PROMPT>
The reader should set down exactly the lines from the one containing "멀리 정상이 보인다. 내려갈 때는 우측 표지판 '족은노꼬메오름' 방향이다." through the last line of the material, omitting every picture.

*** STORED DATA ***

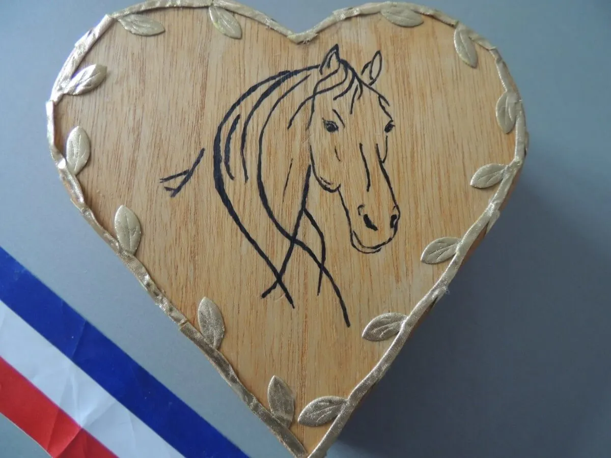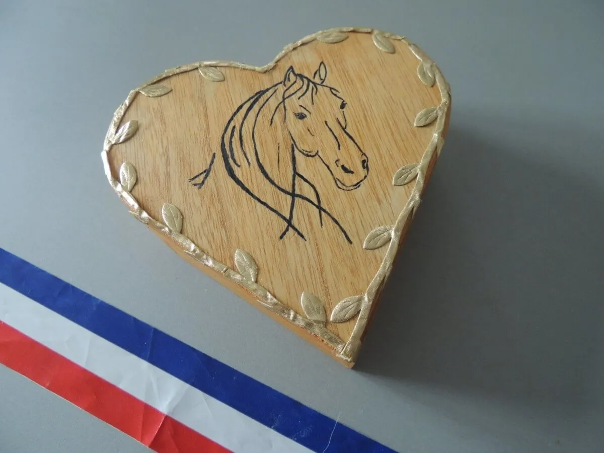 Teintée chêne moyen le cheval est dessinée sur son couvercle. Les contours du cœur sont orné d’un liséré feuillu couleur or.
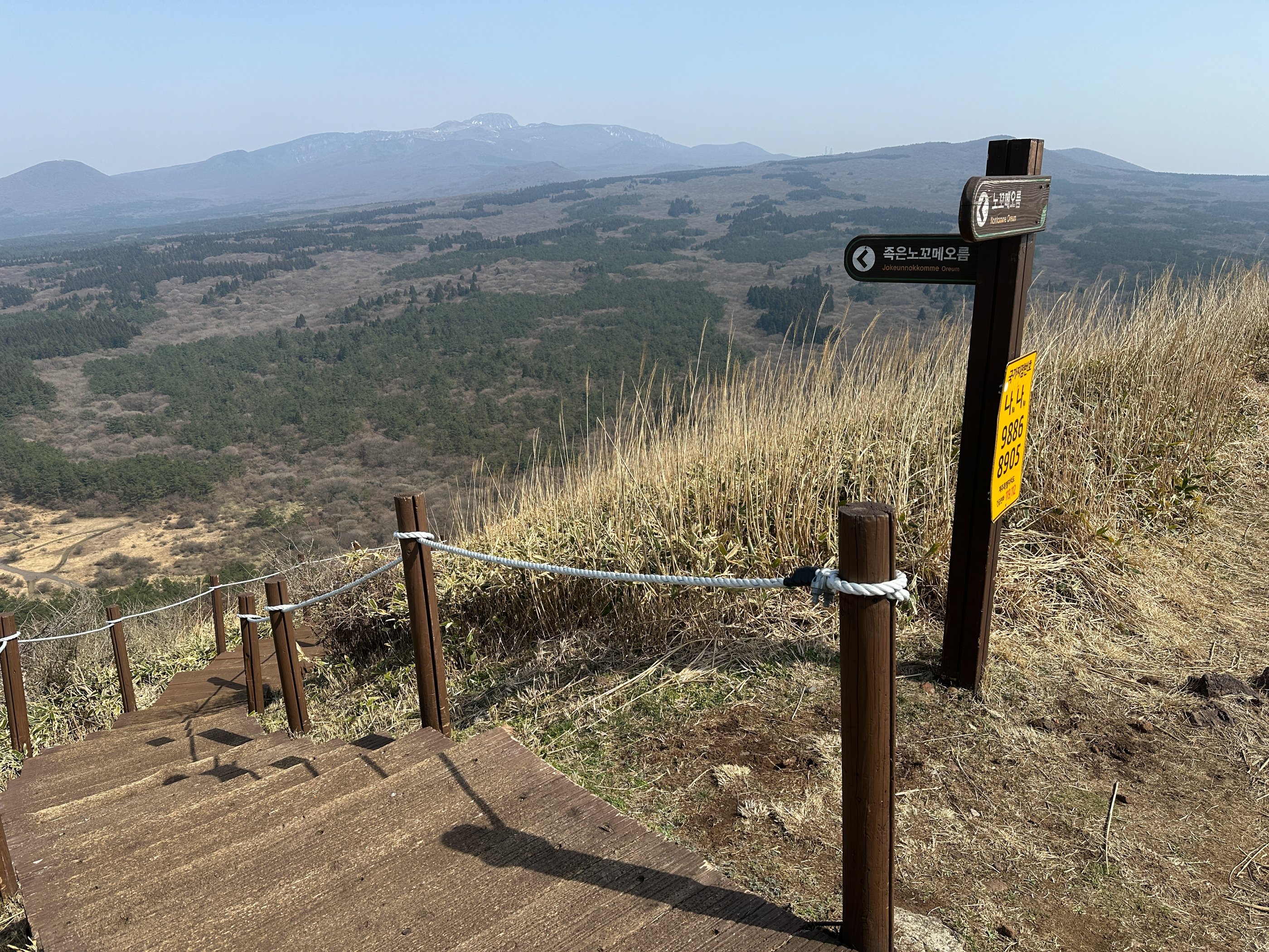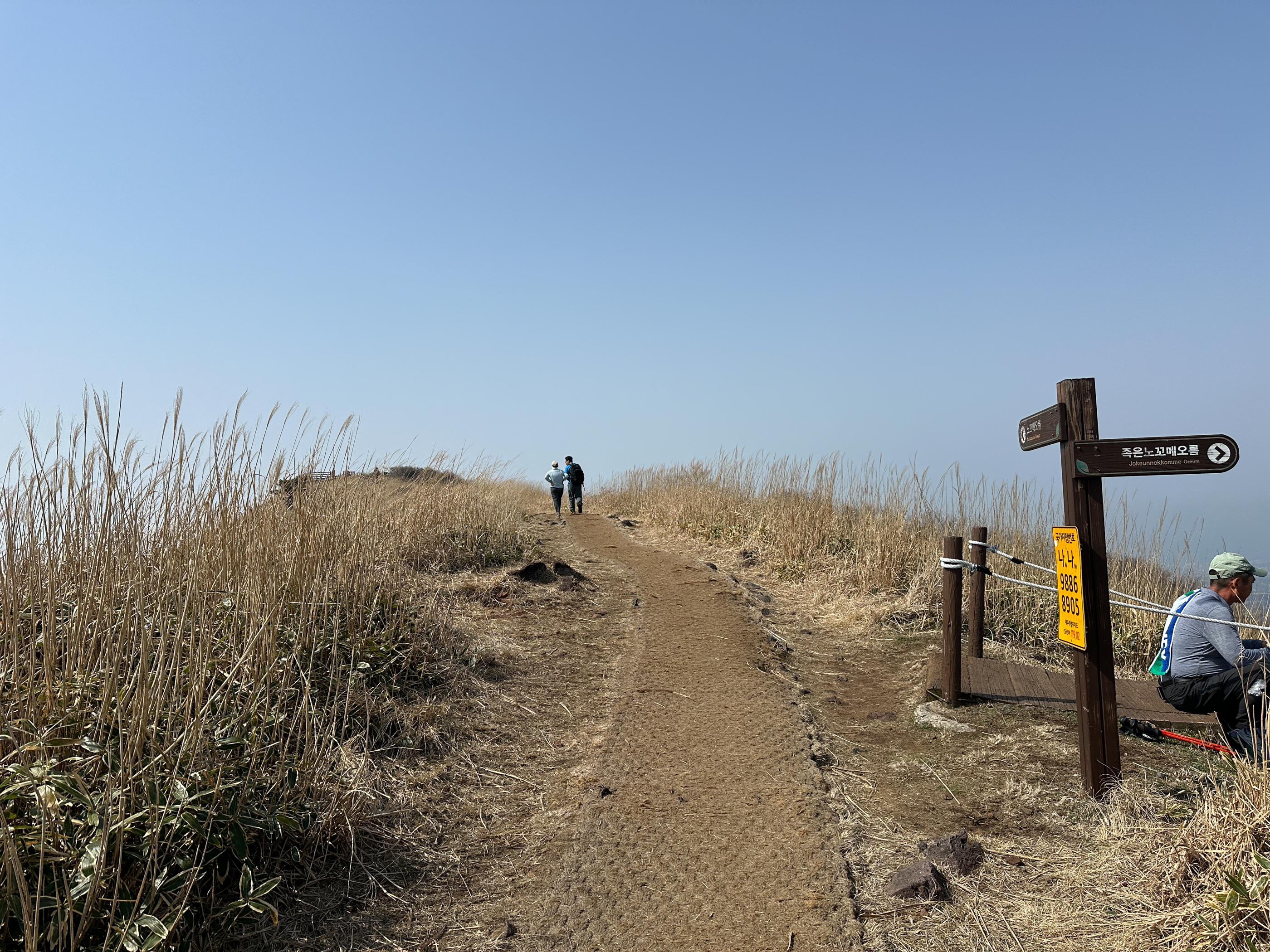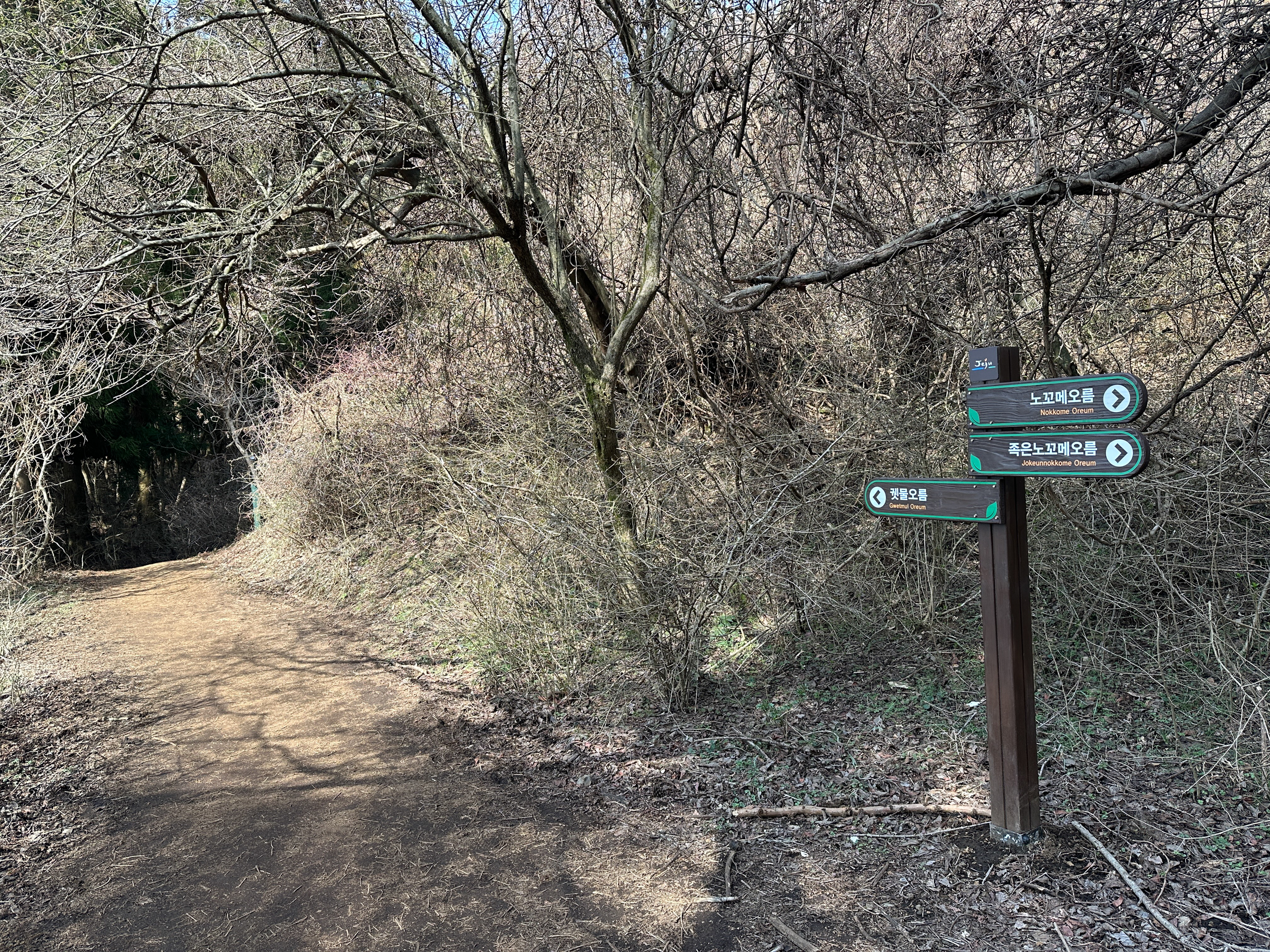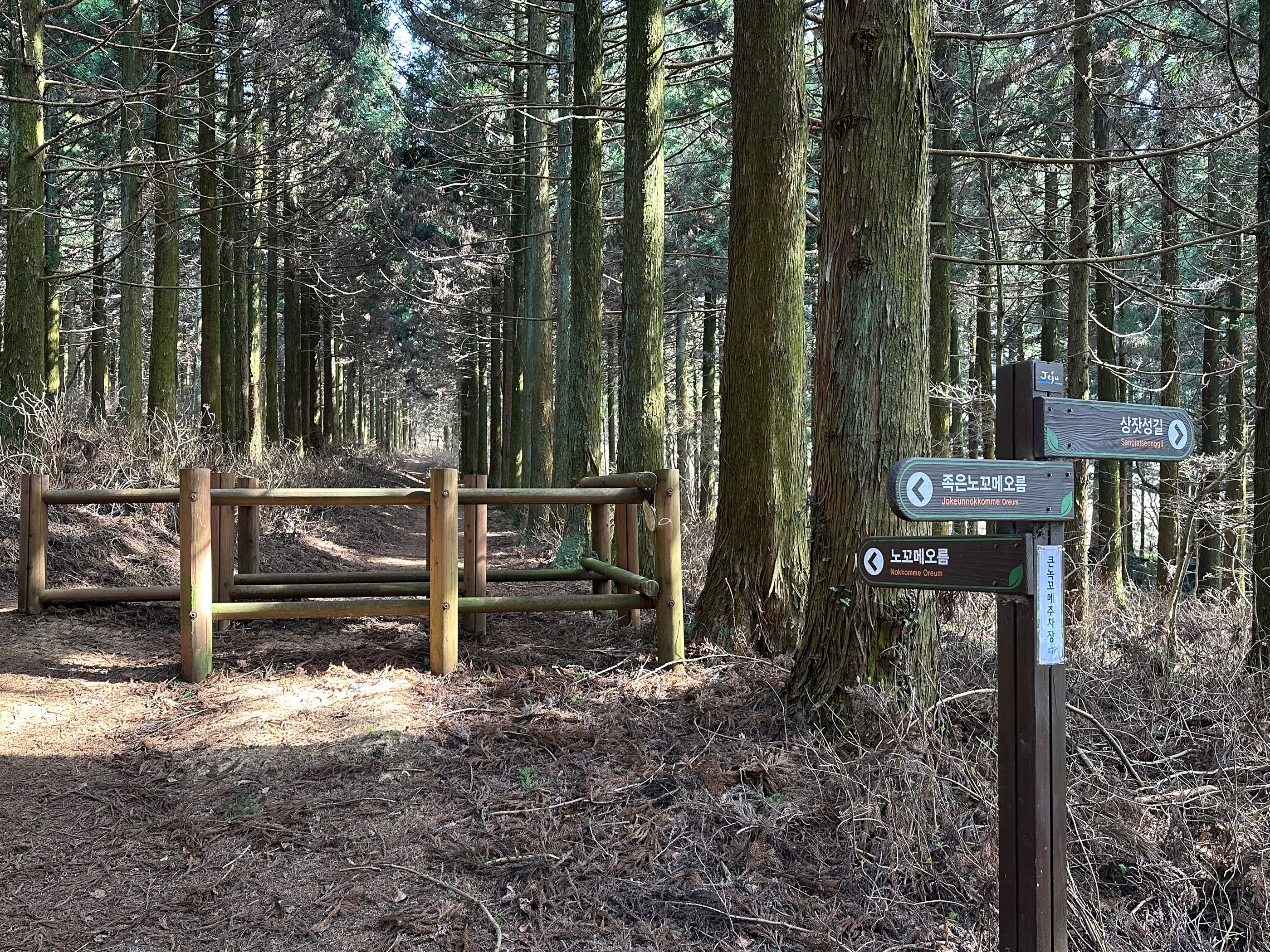 멀리 정상이 보인다. 내려갈 때는 우측 표지판 '족은노꼬메오름' 방향이다.
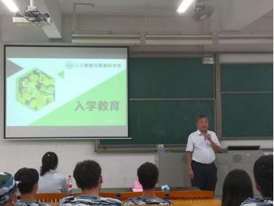 我校校长王庭槐,我校副校长、人工智能与数据科学系学科带头人姚正安,督学刘东远等校领导,特邀专家教授熊健,相关学系老师以及全体人工智能专业新生参加会议。

*** End of STORED DATA ***

FINISHED TASK>
 멀리 정상이 보인다. 내려갈 때는 우측 표지판 '족은노꼬메오름' 방향이다.
 我校校长王庭槐,我校副校长、人工智能与数据科学系学科带头人姚正安,督学刘东远等校领导,特邀专家教授熊健,相关学系老师以及全体人工智能专业新生参加会议。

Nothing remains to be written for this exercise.